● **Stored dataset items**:

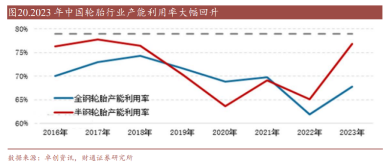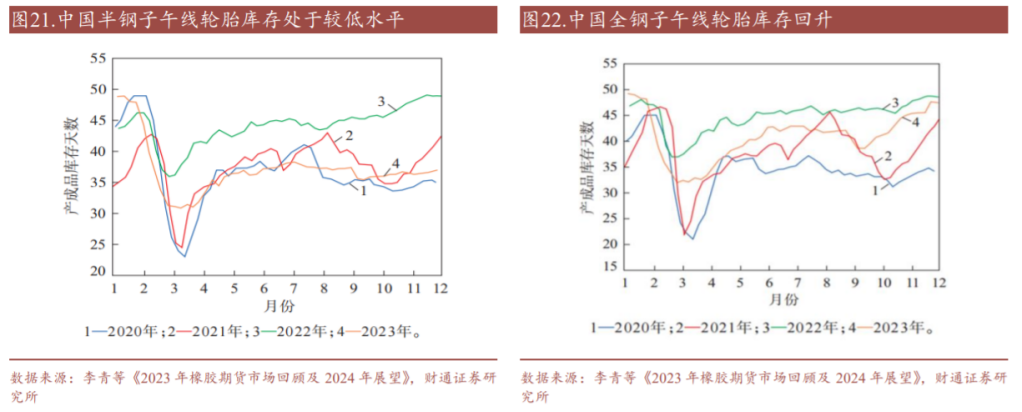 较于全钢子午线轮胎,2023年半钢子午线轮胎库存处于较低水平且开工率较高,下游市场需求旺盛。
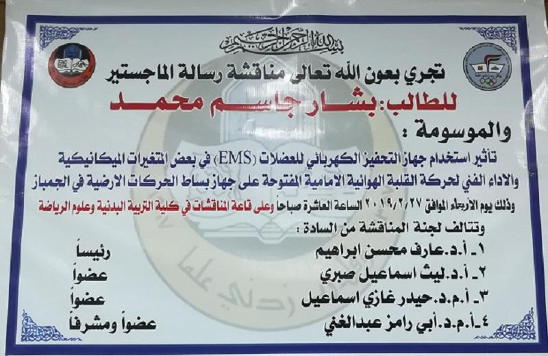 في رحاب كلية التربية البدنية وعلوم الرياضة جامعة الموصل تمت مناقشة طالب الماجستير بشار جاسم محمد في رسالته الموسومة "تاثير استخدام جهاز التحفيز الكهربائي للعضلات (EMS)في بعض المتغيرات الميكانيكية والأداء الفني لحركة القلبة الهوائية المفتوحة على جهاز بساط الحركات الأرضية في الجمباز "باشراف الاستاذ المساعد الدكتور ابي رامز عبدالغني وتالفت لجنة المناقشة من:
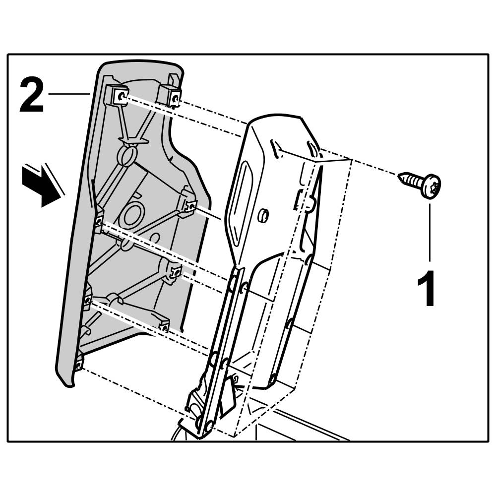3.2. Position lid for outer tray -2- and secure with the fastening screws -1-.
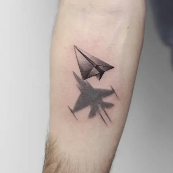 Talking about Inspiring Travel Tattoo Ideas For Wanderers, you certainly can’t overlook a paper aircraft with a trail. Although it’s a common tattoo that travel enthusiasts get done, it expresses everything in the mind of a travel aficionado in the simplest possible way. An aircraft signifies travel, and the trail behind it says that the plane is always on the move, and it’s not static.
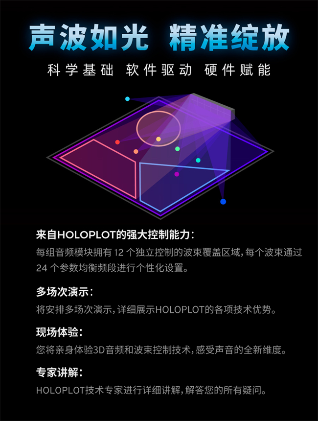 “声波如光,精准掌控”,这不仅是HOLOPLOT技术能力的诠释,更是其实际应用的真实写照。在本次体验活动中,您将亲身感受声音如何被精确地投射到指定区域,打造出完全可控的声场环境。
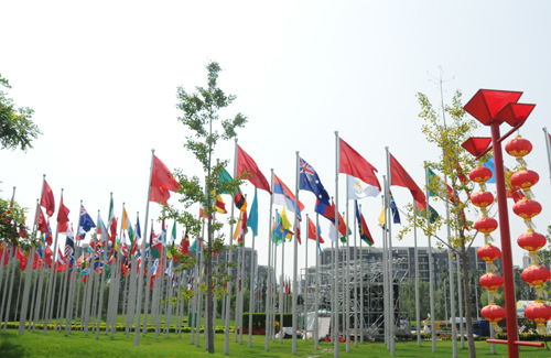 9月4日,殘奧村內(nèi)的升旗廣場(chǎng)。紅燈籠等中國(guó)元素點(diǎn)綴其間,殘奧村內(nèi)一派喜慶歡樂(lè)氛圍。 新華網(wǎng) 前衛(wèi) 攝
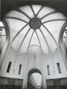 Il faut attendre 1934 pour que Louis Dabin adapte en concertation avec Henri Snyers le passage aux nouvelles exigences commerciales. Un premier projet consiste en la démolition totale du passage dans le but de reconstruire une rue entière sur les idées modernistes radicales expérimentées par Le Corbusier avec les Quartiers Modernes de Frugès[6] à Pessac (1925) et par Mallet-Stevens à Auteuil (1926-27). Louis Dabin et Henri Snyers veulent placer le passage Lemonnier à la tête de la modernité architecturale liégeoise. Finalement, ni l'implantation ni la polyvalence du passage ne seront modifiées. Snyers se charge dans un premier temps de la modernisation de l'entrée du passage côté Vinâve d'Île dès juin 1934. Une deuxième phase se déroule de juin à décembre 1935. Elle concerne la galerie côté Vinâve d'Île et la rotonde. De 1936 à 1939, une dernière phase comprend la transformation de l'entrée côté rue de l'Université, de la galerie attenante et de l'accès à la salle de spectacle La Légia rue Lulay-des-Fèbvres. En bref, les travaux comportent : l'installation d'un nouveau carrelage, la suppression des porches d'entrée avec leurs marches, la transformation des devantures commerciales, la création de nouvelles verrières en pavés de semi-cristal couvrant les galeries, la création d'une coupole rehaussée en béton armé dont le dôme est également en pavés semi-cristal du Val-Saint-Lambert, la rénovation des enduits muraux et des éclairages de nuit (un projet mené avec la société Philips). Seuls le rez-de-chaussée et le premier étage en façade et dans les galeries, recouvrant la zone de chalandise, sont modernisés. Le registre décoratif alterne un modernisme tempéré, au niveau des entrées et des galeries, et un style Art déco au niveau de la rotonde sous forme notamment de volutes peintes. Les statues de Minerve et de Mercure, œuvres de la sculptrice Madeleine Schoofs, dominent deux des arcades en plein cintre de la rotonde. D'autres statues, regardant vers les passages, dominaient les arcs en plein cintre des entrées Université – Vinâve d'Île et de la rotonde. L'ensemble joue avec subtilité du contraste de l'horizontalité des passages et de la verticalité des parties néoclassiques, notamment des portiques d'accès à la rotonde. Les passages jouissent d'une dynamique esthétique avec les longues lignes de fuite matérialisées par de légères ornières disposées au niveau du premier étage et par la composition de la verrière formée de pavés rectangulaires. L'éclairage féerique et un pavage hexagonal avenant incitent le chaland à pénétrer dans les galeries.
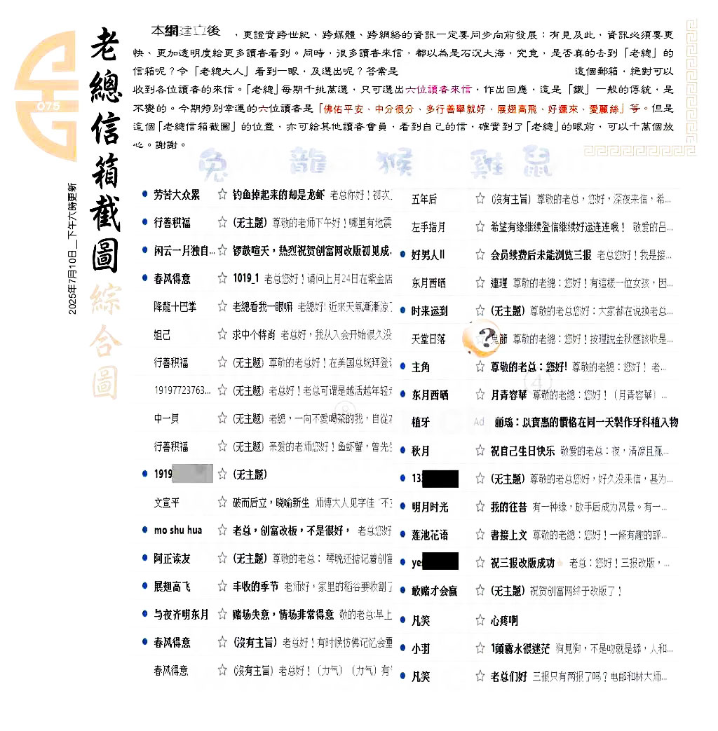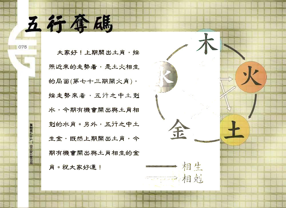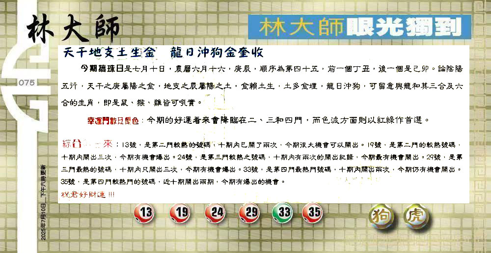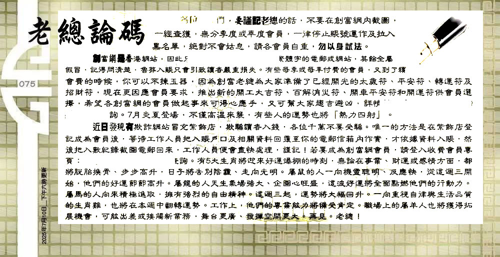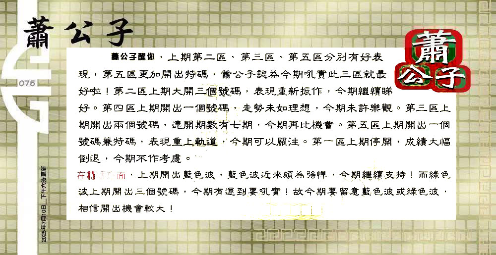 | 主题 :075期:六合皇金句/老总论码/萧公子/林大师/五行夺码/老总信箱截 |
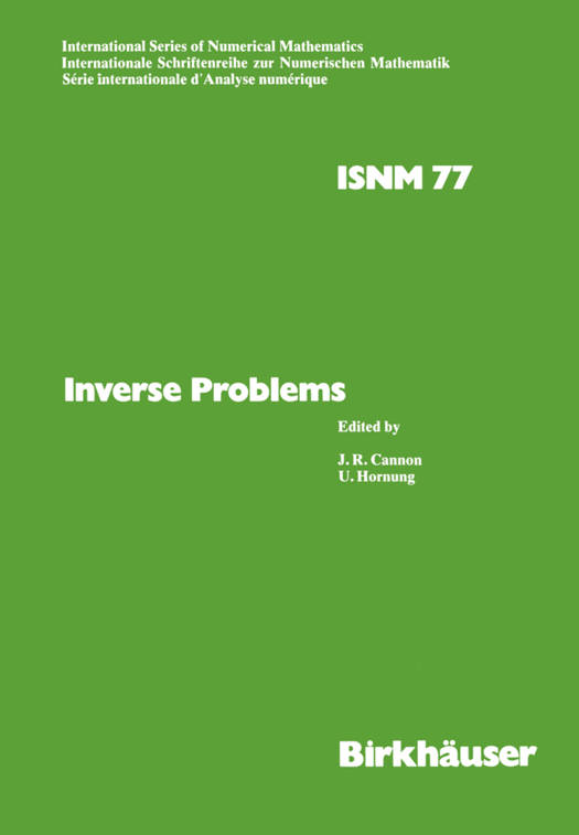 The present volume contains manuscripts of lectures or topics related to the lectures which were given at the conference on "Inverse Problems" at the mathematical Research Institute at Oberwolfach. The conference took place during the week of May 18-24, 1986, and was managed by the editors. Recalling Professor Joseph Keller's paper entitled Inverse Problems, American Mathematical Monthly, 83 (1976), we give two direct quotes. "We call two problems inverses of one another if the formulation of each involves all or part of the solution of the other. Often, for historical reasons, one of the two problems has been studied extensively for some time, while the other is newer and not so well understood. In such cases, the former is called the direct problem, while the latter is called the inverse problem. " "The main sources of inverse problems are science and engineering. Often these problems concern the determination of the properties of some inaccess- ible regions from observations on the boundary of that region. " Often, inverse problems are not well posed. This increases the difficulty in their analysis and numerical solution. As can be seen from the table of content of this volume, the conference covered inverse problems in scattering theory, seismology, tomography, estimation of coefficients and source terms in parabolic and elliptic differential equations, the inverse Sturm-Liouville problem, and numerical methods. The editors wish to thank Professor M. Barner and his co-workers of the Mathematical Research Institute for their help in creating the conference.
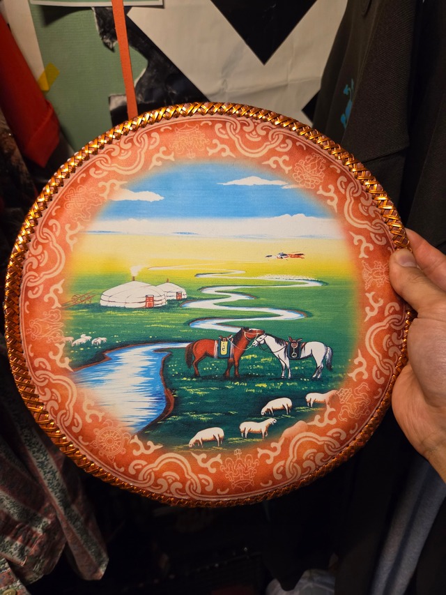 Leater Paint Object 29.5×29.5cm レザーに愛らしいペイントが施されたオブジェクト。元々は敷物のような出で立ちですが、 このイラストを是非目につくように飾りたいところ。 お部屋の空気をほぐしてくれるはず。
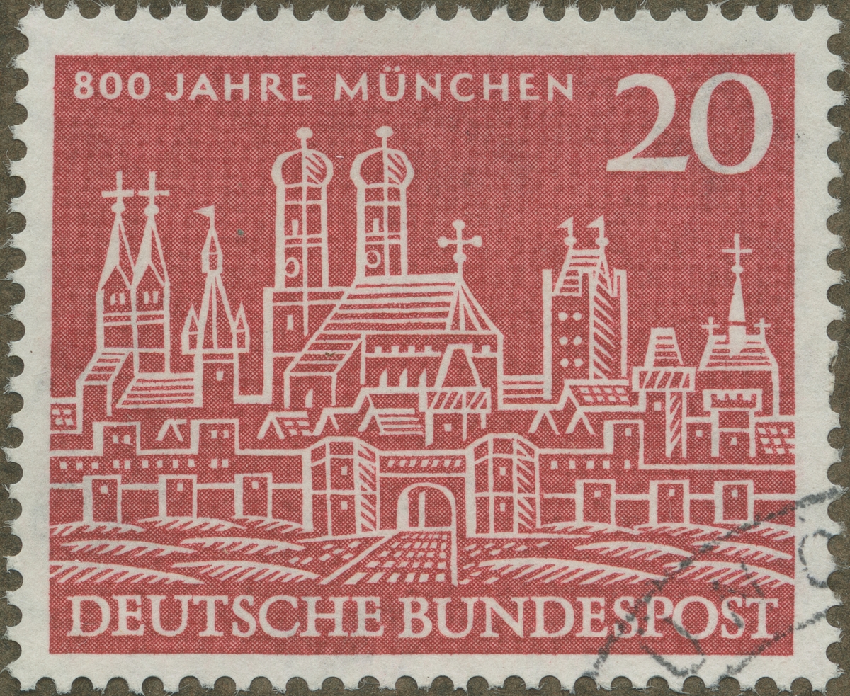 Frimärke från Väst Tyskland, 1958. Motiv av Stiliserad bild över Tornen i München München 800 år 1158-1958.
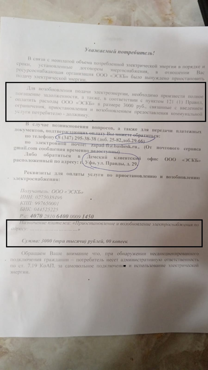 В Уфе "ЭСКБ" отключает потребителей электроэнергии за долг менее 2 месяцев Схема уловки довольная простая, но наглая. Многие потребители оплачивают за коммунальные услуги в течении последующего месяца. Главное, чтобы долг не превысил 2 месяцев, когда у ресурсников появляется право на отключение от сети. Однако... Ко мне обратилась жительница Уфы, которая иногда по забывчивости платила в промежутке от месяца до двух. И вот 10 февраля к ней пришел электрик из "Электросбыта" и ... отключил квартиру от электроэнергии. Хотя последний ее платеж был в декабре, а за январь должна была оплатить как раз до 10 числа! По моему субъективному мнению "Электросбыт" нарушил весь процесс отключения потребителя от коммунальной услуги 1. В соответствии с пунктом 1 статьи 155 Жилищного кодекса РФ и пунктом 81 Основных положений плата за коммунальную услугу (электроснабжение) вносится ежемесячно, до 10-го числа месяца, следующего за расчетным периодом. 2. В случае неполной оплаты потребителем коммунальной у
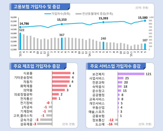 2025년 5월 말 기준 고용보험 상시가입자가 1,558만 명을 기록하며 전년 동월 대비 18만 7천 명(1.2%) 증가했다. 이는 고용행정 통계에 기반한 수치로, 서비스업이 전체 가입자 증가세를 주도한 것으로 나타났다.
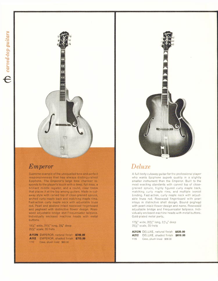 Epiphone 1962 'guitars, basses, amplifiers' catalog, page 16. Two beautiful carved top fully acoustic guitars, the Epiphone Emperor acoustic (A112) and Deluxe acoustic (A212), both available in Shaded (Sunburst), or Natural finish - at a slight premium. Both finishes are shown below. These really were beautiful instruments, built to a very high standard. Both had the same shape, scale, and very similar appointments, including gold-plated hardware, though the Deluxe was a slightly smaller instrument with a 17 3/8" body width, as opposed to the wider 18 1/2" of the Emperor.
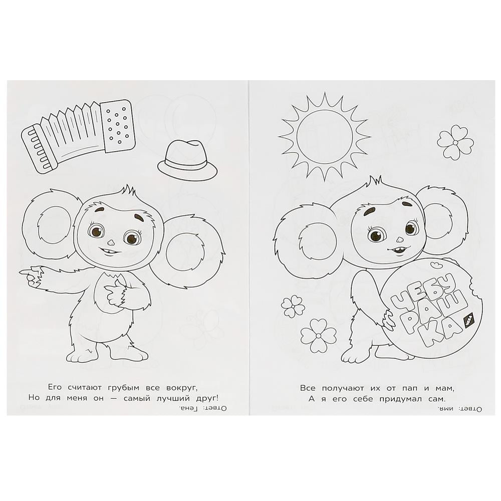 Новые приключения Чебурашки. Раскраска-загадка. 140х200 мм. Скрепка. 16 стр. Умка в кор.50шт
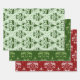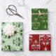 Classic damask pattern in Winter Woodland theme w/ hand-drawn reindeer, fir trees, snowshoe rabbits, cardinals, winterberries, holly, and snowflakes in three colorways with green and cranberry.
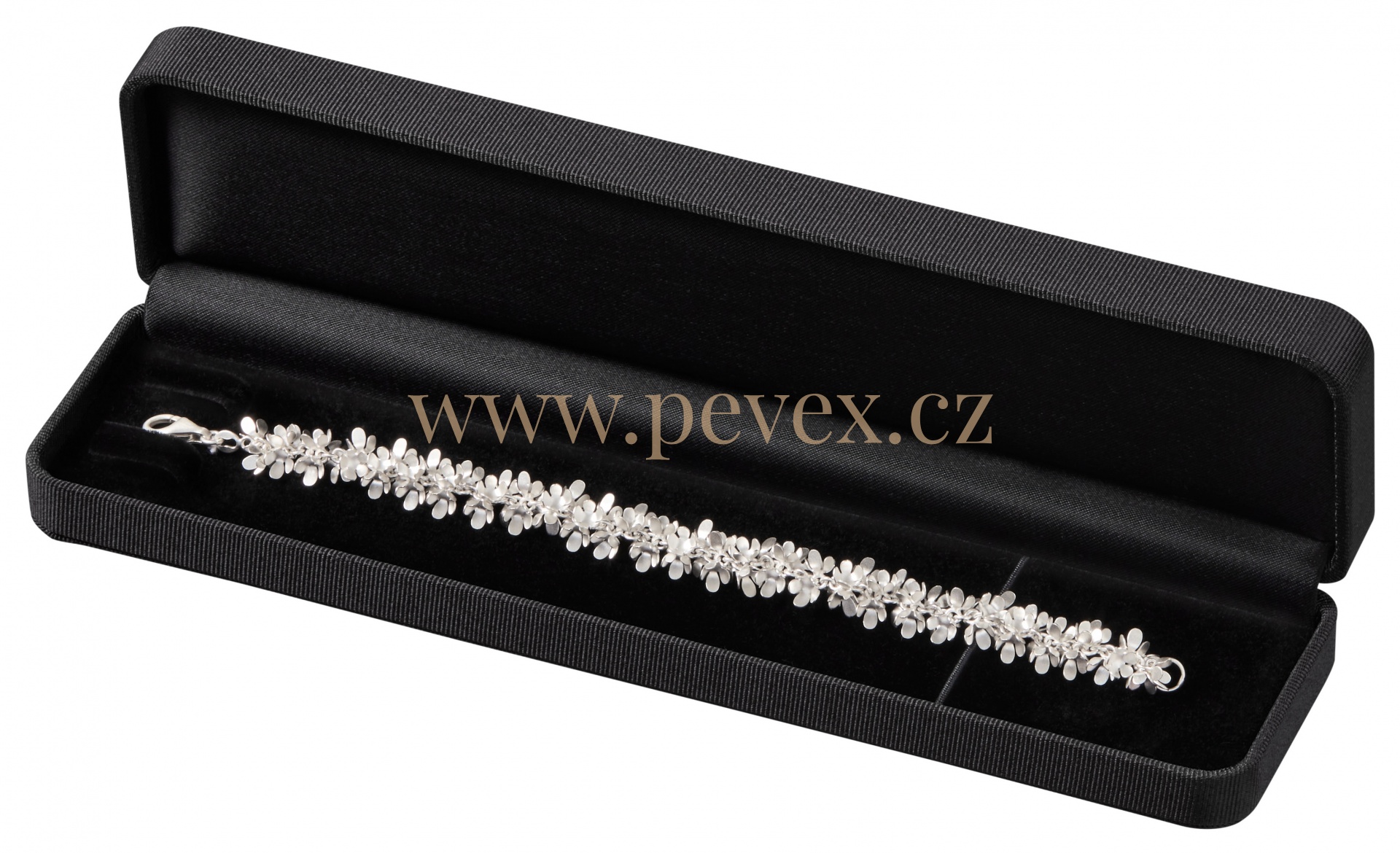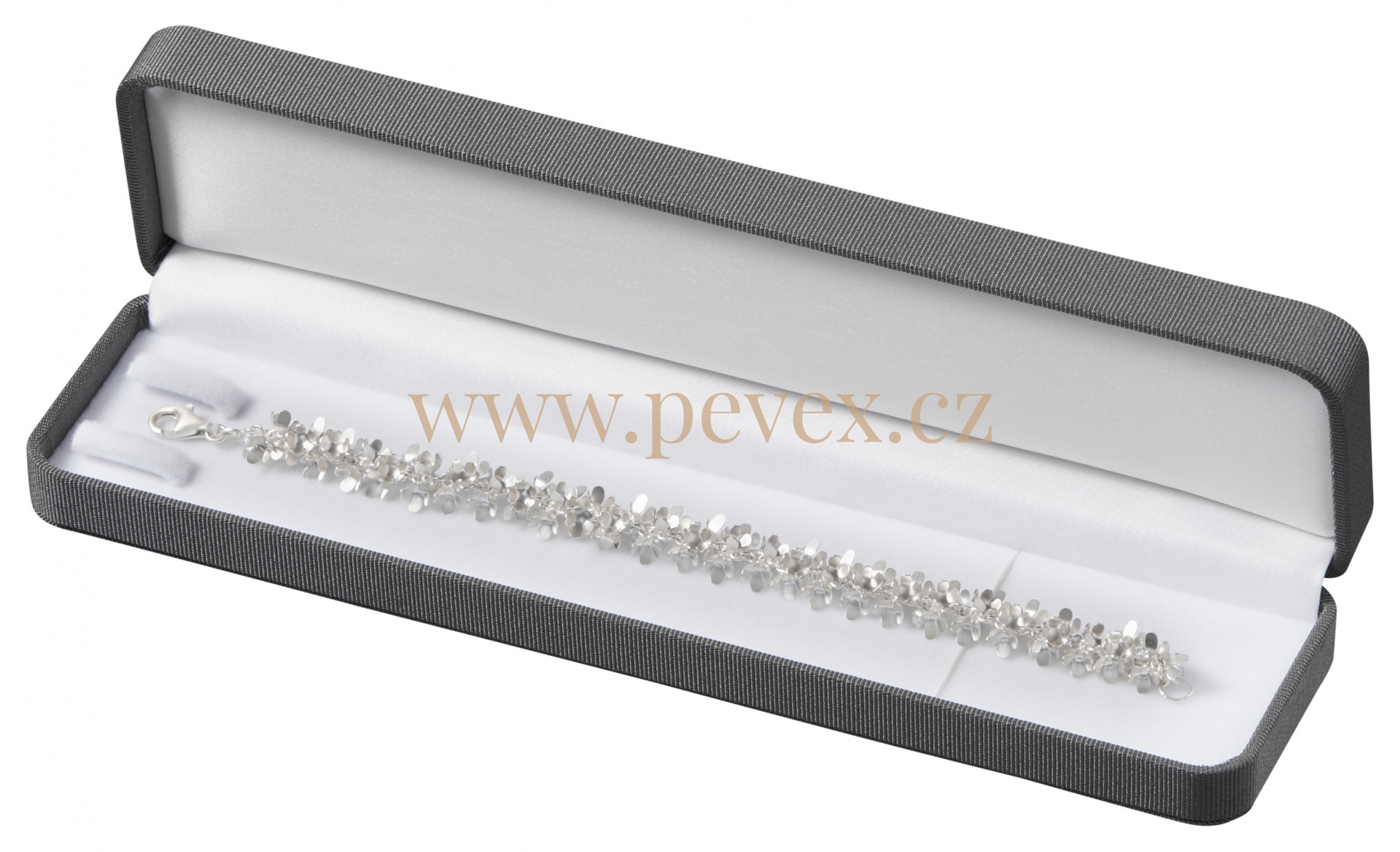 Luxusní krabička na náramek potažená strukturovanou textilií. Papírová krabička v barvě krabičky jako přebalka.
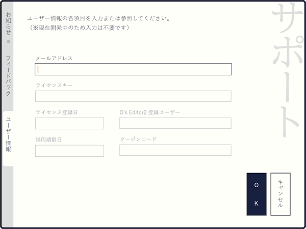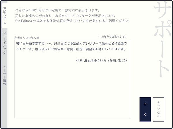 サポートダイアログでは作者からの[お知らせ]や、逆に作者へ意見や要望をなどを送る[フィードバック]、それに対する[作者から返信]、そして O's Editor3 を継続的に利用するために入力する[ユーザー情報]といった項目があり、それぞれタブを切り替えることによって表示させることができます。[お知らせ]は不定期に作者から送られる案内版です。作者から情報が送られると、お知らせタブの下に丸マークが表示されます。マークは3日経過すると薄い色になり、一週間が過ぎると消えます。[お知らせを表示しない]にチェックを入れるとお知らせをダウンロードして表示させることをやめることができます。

● **Aim of the task**:
What is needed is an exact transcription of the lines from the one containing "Luxusní krabička na" through the last line of the records above, both included, with no pictures.

● **Task output**:
 Luxusní krabička na náramek potažená strukturovanou textilií. Papírová krabička v barvě krabičky jako přebalka.
 サポートダイアログでは作者からの[お知らせ]や、逆に作者へ意見や要望をなどを送る[フィードバック]、それに対する[作者から返信]、そして O's Editor3 を継続的に利用するために入力する[ユーザー情報]といった項目があり、それぞれタブを切り替えることによって表示させることができます。[お知らせ]は不定期に作者から送られる案内版です。作者から情報が送られると、お知らせタブの下に丸マークが表示されます。マークは3日経過すると薄い色になり、一週間が過ぎると消えます。[お知らせを表示しない]にチェックを入れるとお知らせをダウンロードして表示させることをやめることができます。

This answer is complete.